The function can now be called by:

avg_gdp_in_decade('Japan','asia',1983)
20880.023800000003

Simulating a dynamical system

In mathematics, a dynamical system is a system in which a function describes the time dependence of a point in a geometrical space. A canonical example of a dynamical system is the logistic map, a growth model that computes a new population density (between 0 and 1) based on the current density. In the model, time takes discrete values 0, 1, 2, …

  1. Define a function called logistic_map that takes two inputs: x, representing the current population (at time t), and a parameter r = 1. This function should return a value representing the state of the system (population) at time t + 1, using the mapping function:

    f(t+1) = r * f(t) * [1 - f(t)]

  2. Using a for or while loop, iterate the logistic_map function defined in part 1, starting from an initial population of 0.5, for a period of time t_final = 10. Store the intermediate results in a list so that after the loop terminates you have accumulated a sequence of values representing the state of the logistic map at times t = [0,1,...,t_final]. Print this list to see the evolution of the population.

  3. Encapsulate the logic of your loop into a function called iterate that takes the initial population as its first input, the parameter t_final as its second input and the parameter r as its third input.

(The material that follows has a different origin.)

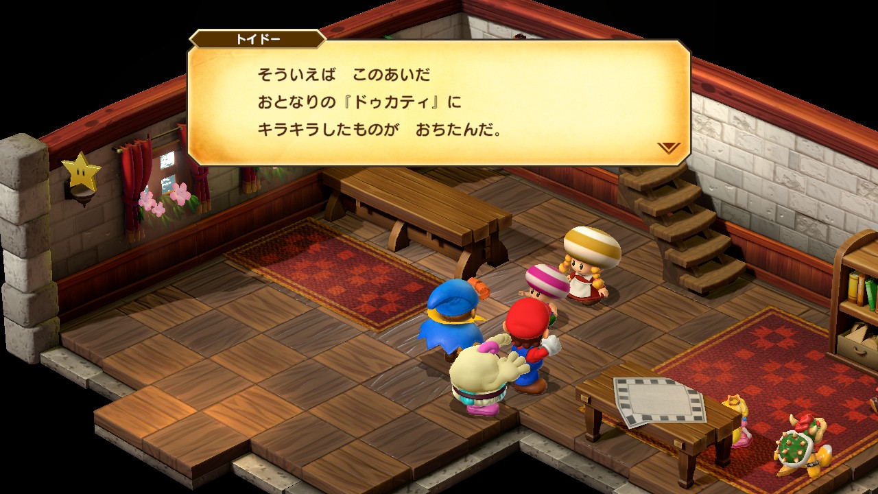 ローズタウンの宿屋に帰って報告。宿屋の子供がマリオを煽って、その煽りにマリオがブチ切れるシーン好きw他のマリオシリーズではなかなか見ることができないマリオの一面ですよねw
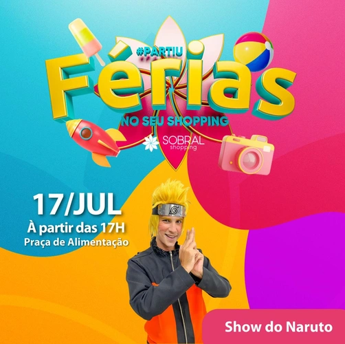 No domingo (17/07), a criançada e os amantes dos mangás japoneses vão vibrar com a primeira vez do Naruto, na praça de alimentação, a partir das 17h. A Cia Mix da Alegria, que preparou um show super especial para os sobralenses, o Sobral Shopping convida para que o público possa vir fantasiados ou com roupas e acessórios do jovem ninja que constantemente procura por reconhecimento e sonha em se tornar Hokage, o ninja líder de sua vila.

The function should return the list of values representing the state of the logistic map at times t = [0,1,...,t_final]. Run this function for periods t_final = 100 and 1000 and print some of the values. Is the population trending toward a steady state?

Solution

  1. def logistic_map(x, r):
        return r * x * (1 - x)
    
  2. initial_population = 0.5
    t_final = 10
    r = 1.0
    population = [initial_population]
    for t in range(1, t_final):
        population.append( logistic_map(population[t-1], r) )
    
  3. def iterate(initial_population, t_final, r):
        population = [initial_population]
        for t in range(1, t_final):
            population.append( logistic_map(population[t-1], r) )
        return population
    
    for period in (10, 100, 1000):
        population = iterate(0.5, period, 1)
        print(population[-1])
    
    0.07508929631879595
    0.009485759503982033
    0.0009923756709128578
    

    The population seems to be approaching zero.

Key Points

  • Break programs down into functions to make them easier to understand.

  • Define a function using def with a name, parameters, and a block of code.

  • Defining a function does not run it.

  • Arguments in call are matched to parameters in definition.

  • Functions may return a result to their caller using return.